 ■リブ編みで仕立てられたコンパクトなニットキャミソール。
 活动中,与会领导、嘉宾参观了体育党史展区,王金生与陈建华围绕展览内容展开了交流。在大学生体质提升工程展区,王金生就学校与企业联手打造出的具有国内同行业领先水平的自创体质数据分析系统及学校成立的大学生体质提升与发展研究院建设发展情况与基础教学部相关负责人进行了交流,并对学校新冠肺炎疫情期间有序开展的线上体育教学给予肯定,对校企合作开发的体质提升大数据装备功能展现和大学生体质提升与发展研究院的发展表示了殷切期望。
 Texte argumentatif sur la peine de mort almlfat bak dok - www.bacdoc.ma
* * *
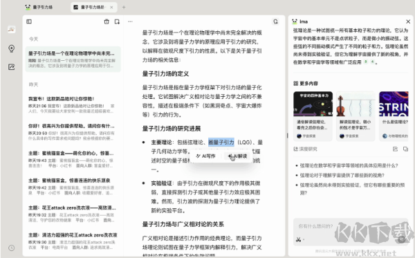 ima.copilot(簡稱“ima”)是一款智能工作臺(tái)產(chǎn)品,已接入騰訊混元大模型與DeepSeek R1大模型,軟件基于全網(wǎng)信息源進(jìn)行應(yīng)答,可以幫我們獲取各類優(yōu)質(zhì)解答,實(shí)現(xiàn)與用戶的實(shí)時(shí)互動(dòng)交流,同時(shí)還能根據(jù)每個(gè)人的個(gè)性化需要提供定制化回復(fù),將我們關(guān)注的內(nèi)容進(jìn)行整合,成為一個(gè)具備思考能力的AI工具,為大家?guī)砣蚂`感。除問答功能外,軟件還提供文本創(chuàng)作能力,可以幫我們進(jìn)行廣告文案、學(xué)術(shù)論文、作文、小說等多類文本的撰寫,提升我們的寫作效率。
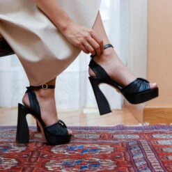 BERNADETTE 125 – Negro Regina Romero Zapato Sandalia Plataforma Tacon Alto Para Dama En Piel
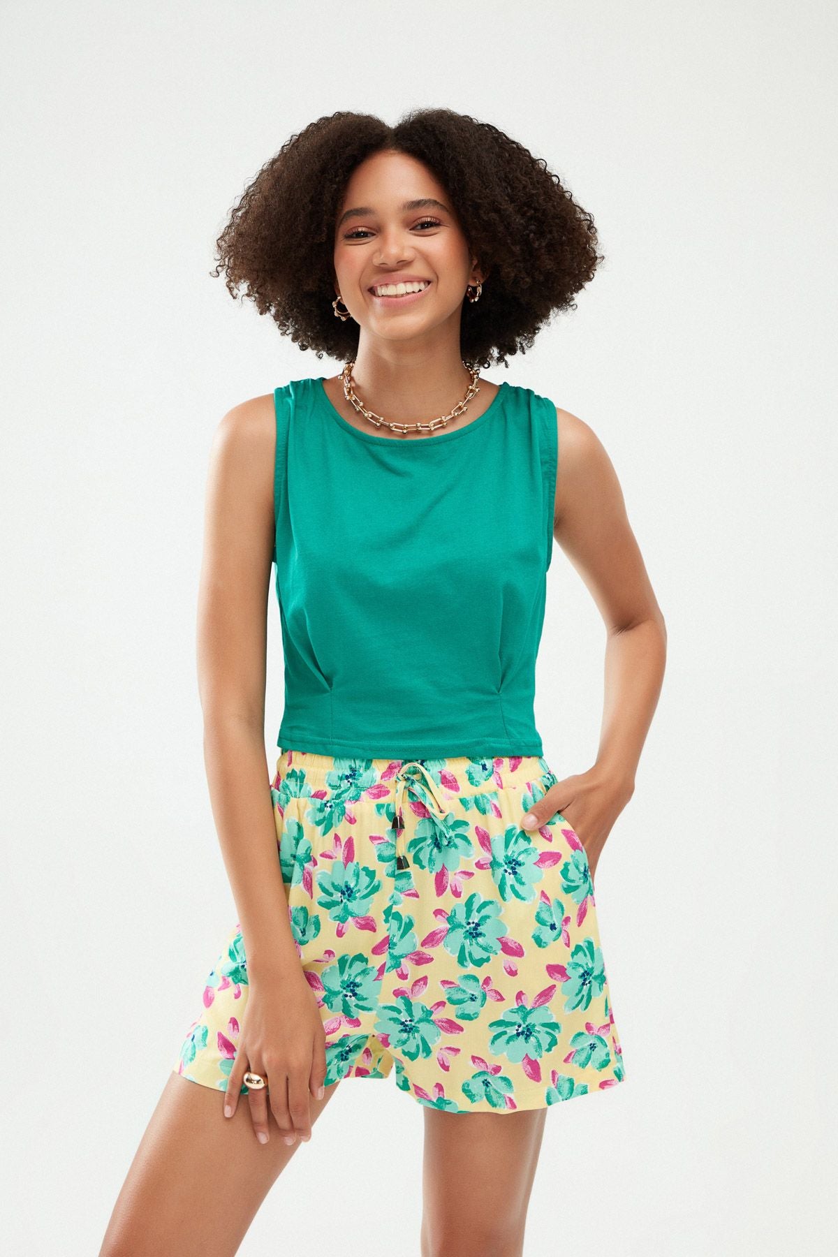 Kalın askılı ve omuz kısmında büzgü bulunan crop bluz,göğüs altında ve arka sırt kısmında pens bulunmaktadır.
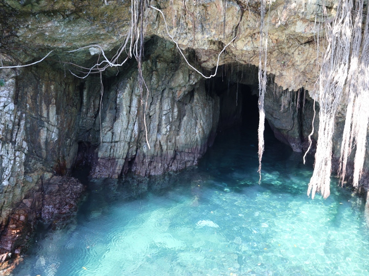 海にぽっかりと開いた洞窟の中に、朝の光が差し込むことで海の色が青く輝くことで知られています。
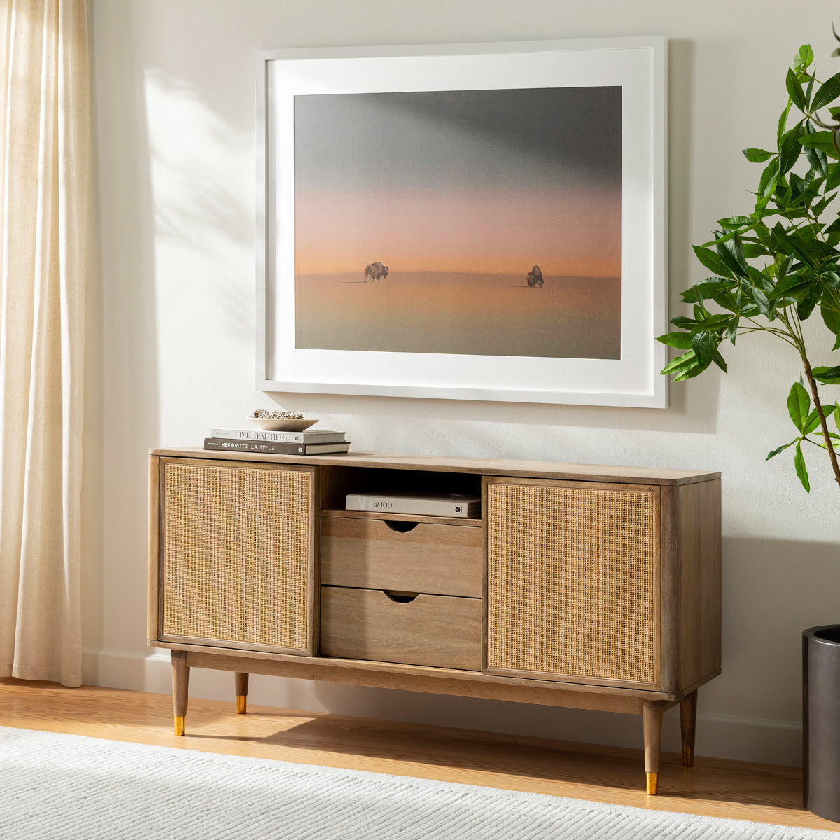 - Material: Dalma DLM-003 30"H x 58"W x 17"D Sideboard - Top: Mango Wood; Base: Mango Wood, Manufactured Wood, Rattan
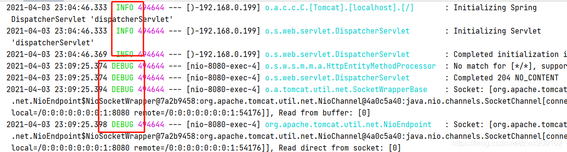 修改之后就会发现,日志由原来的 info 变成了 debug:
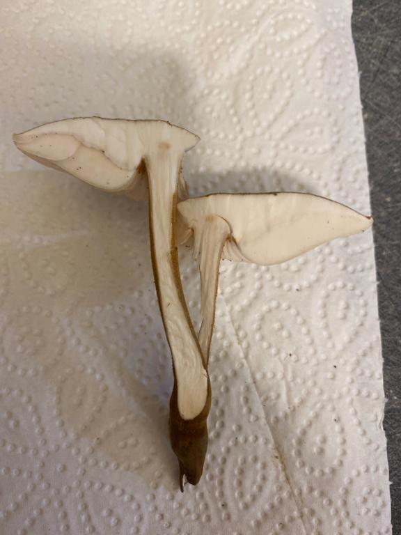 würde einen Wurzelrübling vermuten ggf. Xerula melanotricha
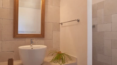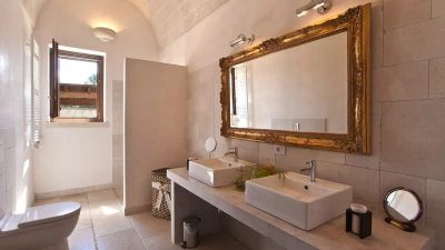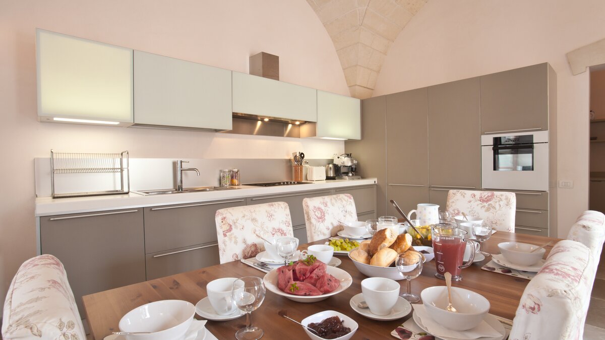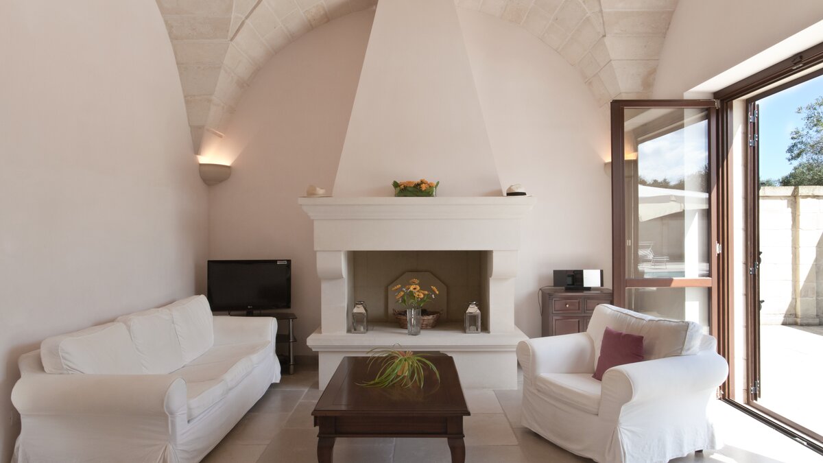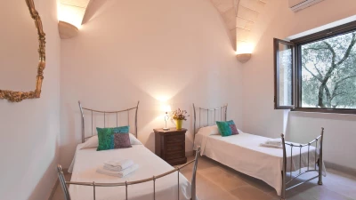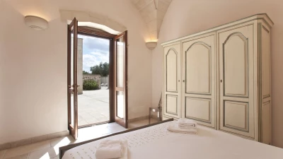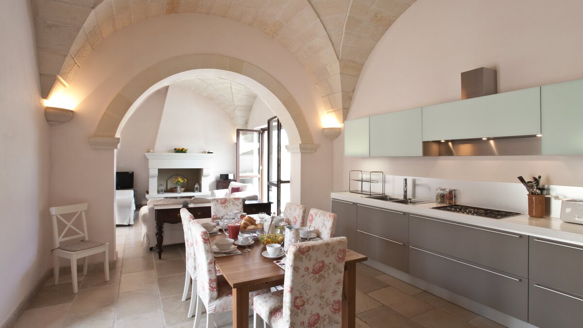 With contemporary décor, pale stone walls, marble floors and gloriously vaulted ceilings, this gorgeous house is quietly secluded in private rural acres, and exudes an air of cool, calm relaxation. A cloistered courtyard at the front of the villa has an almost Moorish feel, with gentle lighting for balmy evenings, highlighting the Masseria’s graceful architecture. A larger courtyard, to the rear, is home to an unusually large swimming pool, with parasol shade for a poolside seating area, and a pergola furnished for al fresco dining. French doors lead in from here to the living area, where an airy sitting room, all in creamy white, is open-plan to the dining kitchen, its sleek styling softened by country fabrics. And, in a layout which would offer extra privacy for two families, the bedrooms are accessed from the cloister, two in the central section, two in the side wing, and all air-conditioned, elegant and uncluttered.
==
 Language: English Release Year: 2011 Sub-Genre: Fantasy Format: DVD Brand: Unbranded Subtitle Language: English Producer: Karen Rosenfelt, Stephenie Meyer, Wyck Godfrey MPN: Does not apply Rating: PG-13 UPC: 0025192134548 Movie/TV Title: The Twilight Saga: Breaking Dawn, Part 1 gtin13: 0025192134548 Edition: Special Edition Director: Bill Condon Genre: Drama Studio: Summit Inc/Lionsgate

• ABOUT THIS EXERCISE
What is needed is an exact copy of the lines above, from the one containing "活动中,与会领导、嘉宾参观了" through the one containing "Texte argumentatif sur", with nothing added.

• SOLUTION TO THE PROBLEM
 活动中,与会领导、嘉宾参观了体育党史展区,王金生与陈建华围绕展览内容展开了交流。在大学生体质提升工程展区,王金生就学校与企业联手打造出的具有国内同行业领先水平的自创体质数据分析系统及学校成立的大学生体质提升与发展研究院建设发展情况与基础教学部相关负责人进行了交流,并对学校新冠肺炎疫情期间有序开展的线上体育教学给予肯定,对校企合作开发的体质提升大数据装备功能展现和大学生体质提升与发展研究院的发展表示了殷切期望。
 Texte argumentatif sur la peine de mort almlfat bak dok - www.bacdoc.ma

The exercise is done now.